- Протрезвится - опомнится, - помогала ей свекровь.
- Домой! Домой хочу! Тато, пойдемте домой!
- Тихо ты, Ганночко! Успокойся! Не вбивай себе в голову чего не надо!.. Все будет хорошо! Хорошо будет, поверь!.. - Мачеха взглянула на Ганниного отца, стоявшего рядом, готового в любую минуту помочь дочери. - Отойди, без тебя разберемся!.. Успокойся, Ганночко. Все хорошо будет!..
- Не хочу тут оставаться! Домой хочу!
- На вот, выпей воды холодной! Или, может, в сени пойдем, остынешь? Идем, Ганночко, идем, рыбко!
Когда вели Ганну в сени, мачеха успокоила:
- Еще не такое увидишь. Всего хлебнешь, поживши!..

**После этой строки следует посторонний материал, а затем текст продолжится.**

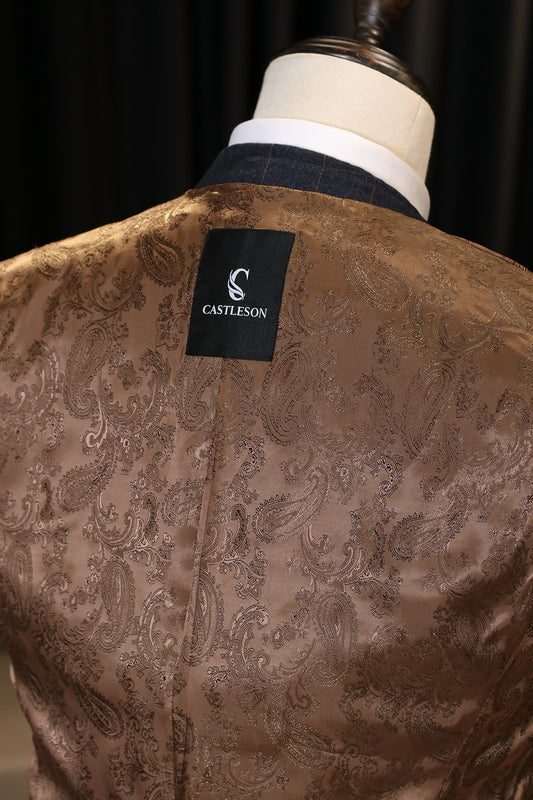 Das ist das Gefühl des CASTLESON Admiral – des dreiteiligen Navy-Check-Anzugs, der klassische Eleganz mit moderner Bravour nahtlos vereint. Kein Detail ist hier dem Zufall überlassen. Jedes Element – von den Samt-Akzenten bis hin zum orangefarbenen Karomuster – ist eine subtile Anspielung auf den selbstbewussten Gentleman, der am Abend noch ein gutes Gespräch beginnt, während das Feuer sanft im Marmorkamin knistert.

Молодых успокоили, примирили, посадили снова рядом, И остаток вечера догуляли как следует, "по закону". Только когда гости разошлись и молодые остались одни в притихшей чистой половине, перед широкой, купленной к свадьбе в Юровичах железной кроватью, Евхим напомнил о споре, но без злобы, сговорчиво:
- Забывать бы надо, что ничья была. Моя теперь и слушаться должна. Не позорить.
- Помнишь, что я тебе когда-то говорила? - промолвила Ганна тихо: ей казалось, что их из-за стены подслушивают старые Глушаки. - Что со мной надо - только по-хорошему!
- По-хорошему, по-хорошему! Ну и цаца ж ты! Будто бог знает где росла!
- Где ни росла, а такая выросла. Породы такой! И другой не буду!
- Деревья с годами меняются, не то что люди. Речка вон какие ольхи выворачивает!..
- Ты не речка, а я тебе не ольха! Помни - хоть и жена я, не своей волей жить должна вроде, а только - чтоб похорошему со мной!
Евхим посмотрел на нее - вот же, скажи ты, упрямая, еще только вошла в дом, а уже командует, - но спорить не стал, заставил себя засмеяться:
- Хватит! И так голова трещит! Спать уже пора!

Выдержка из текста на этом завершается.